* Task directions *
What is needed is an exact copy of the lines in the entries below from the one holding "September 9, 20241" through the one holding "Hollinna Woolen Coat", pictures excluded.

* Data for the task *

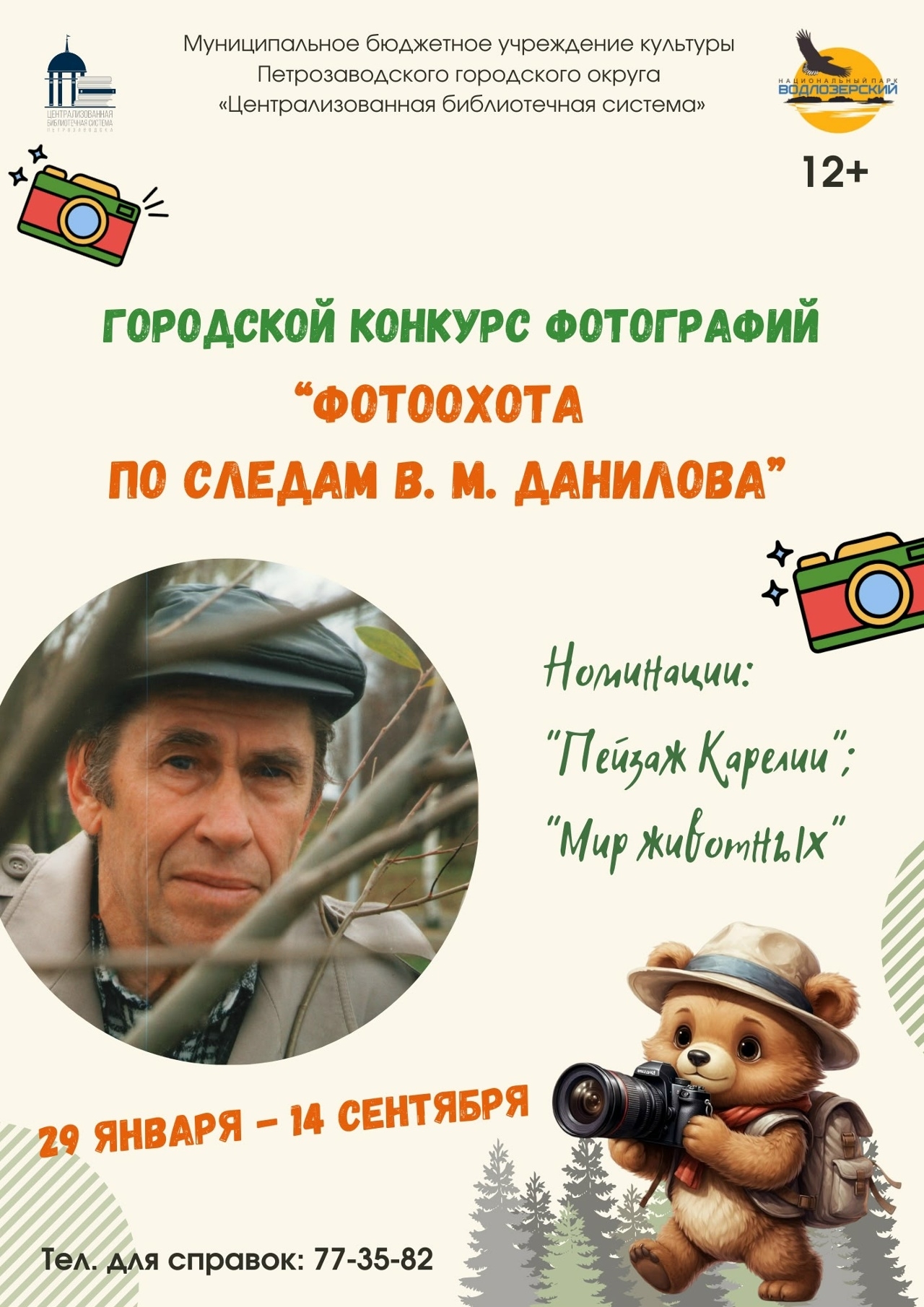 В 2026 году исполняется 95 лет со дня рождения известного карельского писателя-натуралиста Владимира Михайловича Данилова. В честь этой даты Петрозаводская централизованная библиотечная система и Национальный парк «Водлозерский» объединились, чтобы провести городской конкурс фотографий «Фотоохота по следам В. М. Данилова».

---

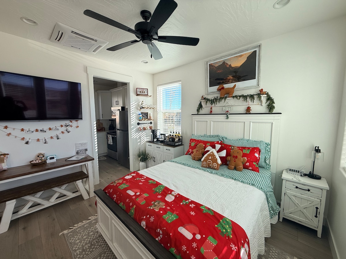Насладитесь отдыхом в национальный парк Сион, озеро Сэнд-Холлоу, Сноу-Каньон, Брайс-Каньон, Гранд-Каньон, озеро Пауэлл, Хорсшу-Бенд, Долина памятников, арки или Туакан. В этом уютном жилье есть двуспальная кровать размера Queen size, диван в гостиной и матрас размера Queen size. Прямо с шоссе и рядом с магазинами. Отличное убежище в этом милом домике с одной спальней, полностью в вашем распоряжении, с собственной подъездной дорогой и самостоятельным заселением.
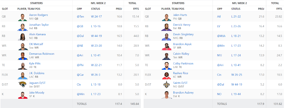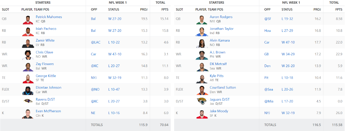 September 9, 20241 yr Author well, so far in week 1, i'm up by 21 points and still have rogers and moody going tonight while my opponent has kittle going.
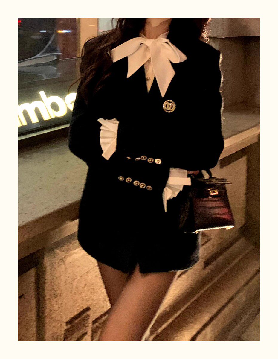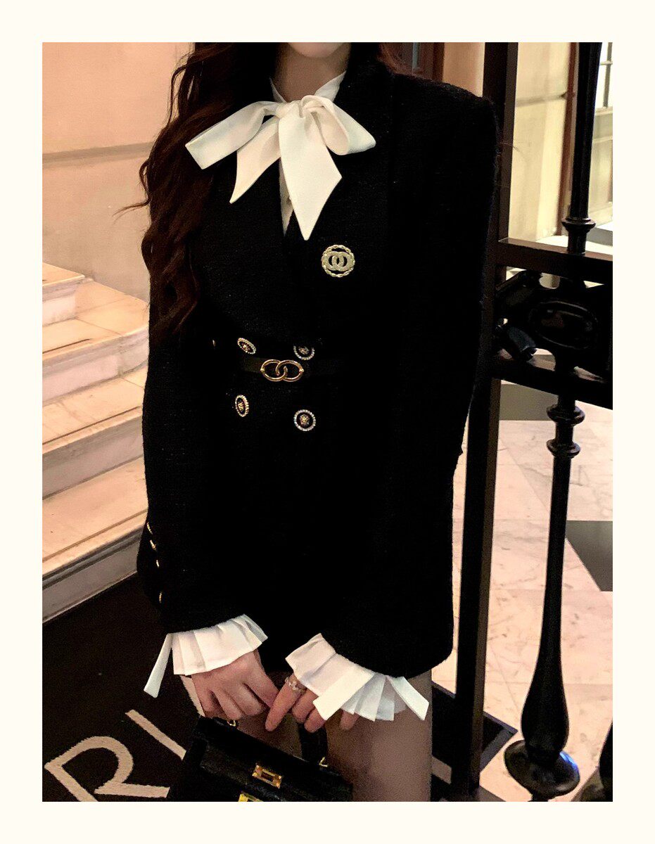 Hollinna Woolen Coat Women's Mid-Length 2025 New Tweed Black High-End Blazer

* Reply *
 September 9, 20241 yr Author well, so far in week 1, i'm up by 21 points and still have rogers and moody going tonight while my opponent has kittle going.
 Hollinna Woolen Coat Women's Mid-Length 2025 New Tweed Black High-End Blazer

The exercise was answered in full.